A near tripling of the pass-rates defies both sociology and normal teacher expectations. How on earth did they do it? No, they didn’t shoot the weaker students and bury them behind the goalposts. Nor did they spike the water with Ritalin. They improved teaching and learning to a very high standard, using a strategy called ‘assertive mentoring’ or ‘catch them before they fall’ (see Teaching Today – a practical guide by Geoff Petty, chapters 47-48).

In order to use this strategy, your team must pass the ‘coffee test’. For example, if your department has trouble providing coffee and milk at break times (including spoons), then you may need an armed coup before embarking on this approach.

Have a look at the flow diagram , and if you think ‘we do that already’ prepare

for some surprises. Most departments/colleges do something like this, but it only happens once every six weeks and the arrows can be missing. Student selfassessment is often missing too, and students are not usually off ered support and monitoring with their action plan.
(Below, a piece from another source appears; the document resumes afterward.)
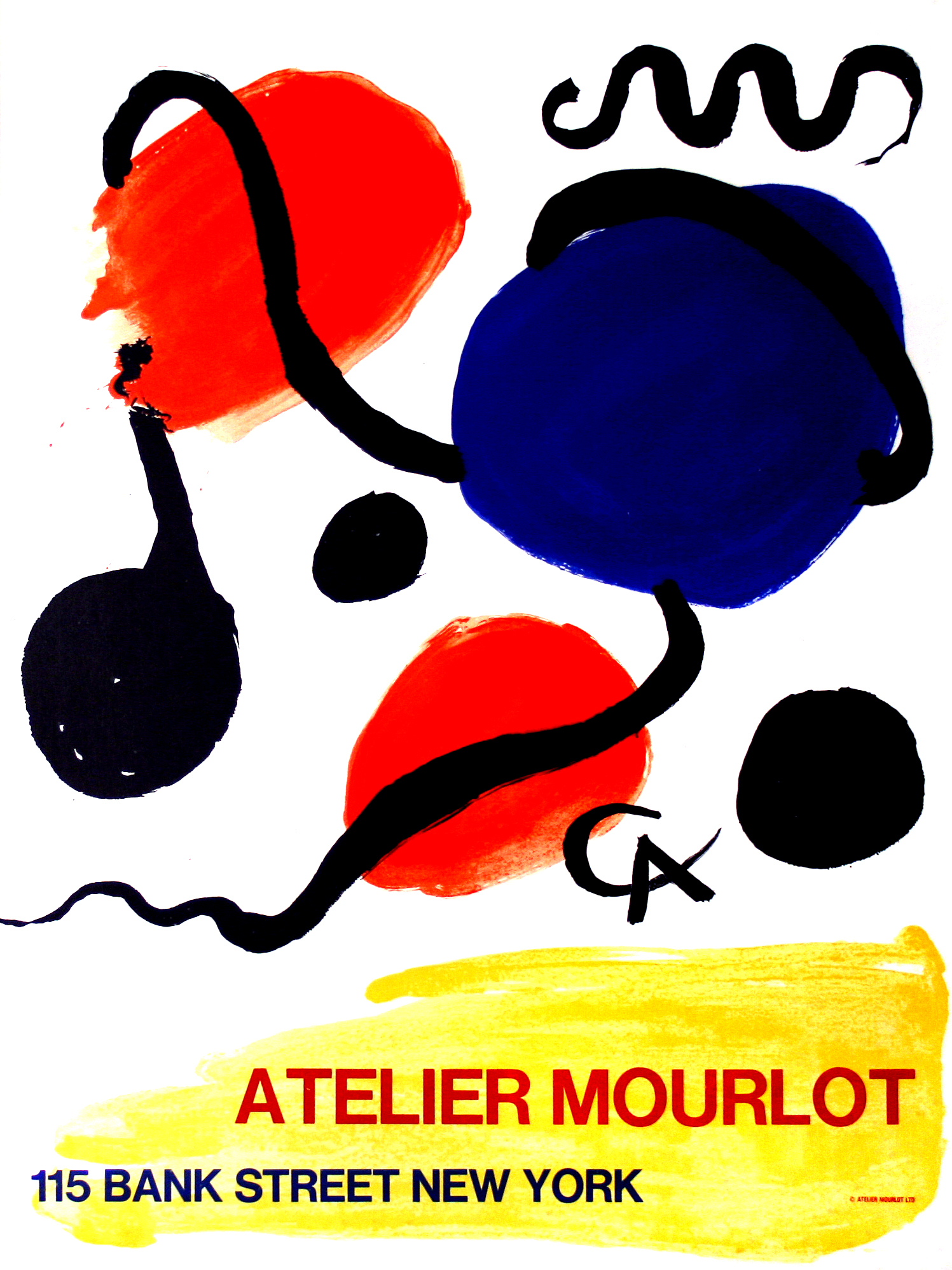 The forties and fifties were a remarkably productive period for Calder, which was launched in 1939 with the first retrospective of his work at the George Walter Vincent Smith Gallery in Springfield, Massachusetts. A second, major retrospective was exhibited at the Museum of Modern Art in New York just a few years later, in 1943. In 1945, Calder made a series of small-scale works; in keeping with his economy, many were made from scraps of metal trimmed while making larger pieces. While visiting Calder’s studio about this time, Duchamp was intrigued by these small works. Inspired by the idea that the works could be easily dismantled, mailed to Europe, and re-assembled for an exhibition, he planned a Calder show at Galerie Louis Carré in Paris. This important show was held the following year and Jean-Paul Sartre wrote his famous essay on Calder’s mobiles for the exhibition catalogue. In 1949, Calder constructed his largest mobile to date, International Mobile, for the Philadelphia Museum of Art’s Third International Exhibition of Sculpture. He designed sets for “Happy as Larry,” a play directed by Burgess Meredith, and for Nucléa, a dance performance directed by Jean Vilar. Galerie Maeght in Paris also held a Calder show in 1950, and subsequently became Calder’s exclusive Parisian dealer. His association with Galerie Maeght lasted twenty-six years, until his death in 1976. After his New York dealer Curt Valentin died unexpectedly in 1954, Calder selected the Perls Gallery in New York as his new American dealer, and this alliance also lasted until the end of his life.

Also, students can get away with failing to complete the action plan. Impressive colleges and their teachers and trainers, however, do what Hurworth School does. Take this example. Jake has already tried to grasp percentages unaided and failed.

So, he’s likely to need support. Here’s a cheap mode of support that raises students’ morale and leaves you to put your feet up. You find another student, Bracha. She is not a close friend of his, but is good at percentages and agrees to help. You should emphasise the diff erence between helping and copying at this point. But students get this so you don’t need to explain much.

You explain Bracha’s role to Jake, and the pair meet outside class time to resolve the difficulties. Jake knows that Bracha will report his progress and effort, or lack of it, back to you. You might formalise this agreement with ground rules and a process. Or, you might leave it informal and fluid. But, a week later, as agreed, Bracha reports progress. Often it’s good news, but suppose it isn’t….

In this instance, you require Jake to attend your weekly departmental workshop. Any student from any course at any level can attend this, but Jake must attend if his action plan requires it (he agreed to abide by this before enrolment).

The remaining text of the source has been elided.